**TASK STATEMENT:** Once the pictures are set aside, repeat all of the data below exactly.

RECORDED DATA Start Marker

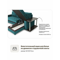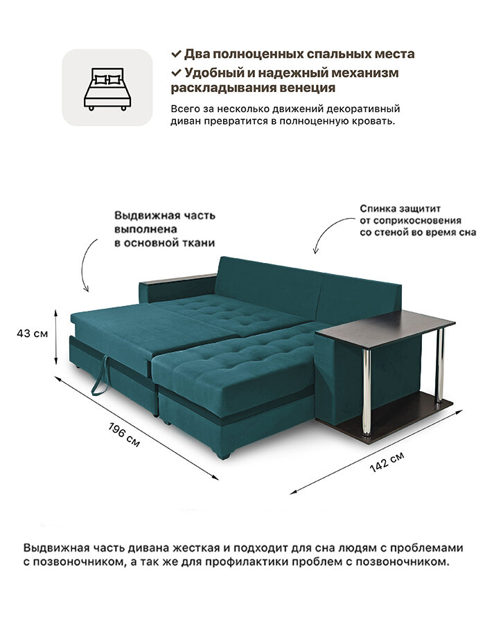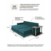Купить Угловой Диван — кровать со столиком на независимом пружинном блоке Инвуд 2 универсальный угол, двухместный, Велюр бирюзовый с доставкой по всей России.
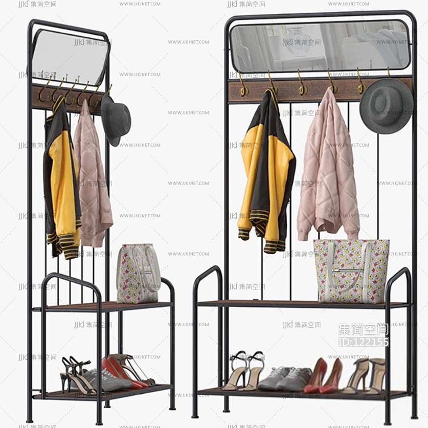 现代玄关鞋架衣架,服装店展架,高跟鞋 3d模型下载 [模型ID:122155]
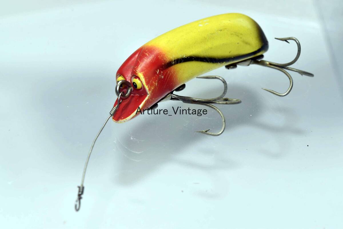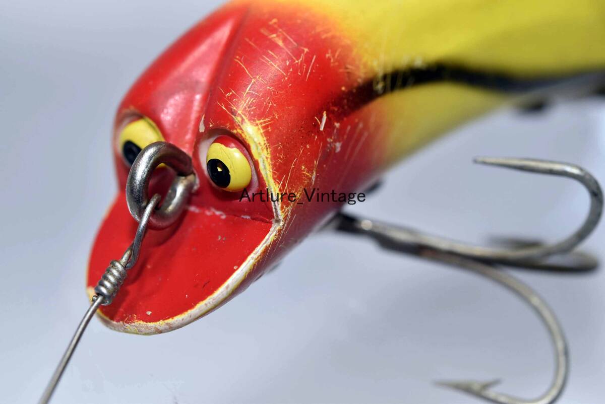 本商品は、1980年代後半にすでにオールドルアーとして入手された、歴史ある希少なヴィンテージ釣りルアーです。何十年もの間に受けたキズや塗装のはげなど、長い時間を経て自然に生じた経年変化が見られます。商品の詳細は、できるだけ写真にて表現しておりますが、見落としている部分があるかもしれません。そのため、ヴィンテージルアーに詳しい方、または古いものの風合いを理解し、それを受け入れることができる方向けの商品です。
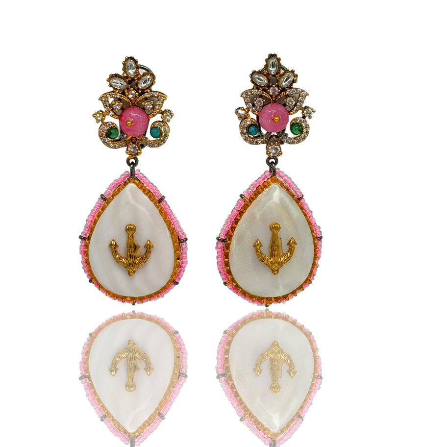 Set sail for style with these exquisite Indian earrings, a fusion of nautical charm and elegant design. Featuring a delicate shell-shaped pendant adorned with an anchor charm and framed by shimmering beads, these earrings are a celebration of rich cultural heritage and unparalleled artistry. Whether you're dressing up for a special occasion or adding a touch of bohemian flair to your everyday look, these earrings are sure to make a statement.

RECORDED DATA End Marker

**REPLY:**
Купить Угловой Диван — кровать со столиком на независимом пружинном блоке Инвуд 2 универсальный угол, двухместный, Велюр бирюзовый с доставкой по всей России.
 现代玄关鞋架衣架,服装店展架,高跟鞋 3d模型下载 [模型ID:122155]
 本商品は、1980年代後半にすでにオールドルアーとして入手された、歴史ある希少なヴィンテージ釣りルアーです。何十年もの間に受けたキズや塗装のはげなど、長い時間を経て自然に生じた経年変化が見られます。商品の詳細は、できるだけ写真にて表現しておりますが、見落としている部分があるかもしれません。そのため、ヴィンテージルアーに詳しい方、または古いものの風合いを理解し、それを受け入れることができる方向けの商品です。
 Set sail for style with these exquisite Indian earrings, a fusion of nautical charm and elegant design. Featuring a delicate shell-shaped pendant adorned with an anchor charm and framed by shimmering beads, these earrings are a celebration of rich cultural heritage and unparalleled artistry. Whether you're dressing up for a special occasion or adding a touch of bohemian flair to your everyday look, these earrings are sure to make a statement.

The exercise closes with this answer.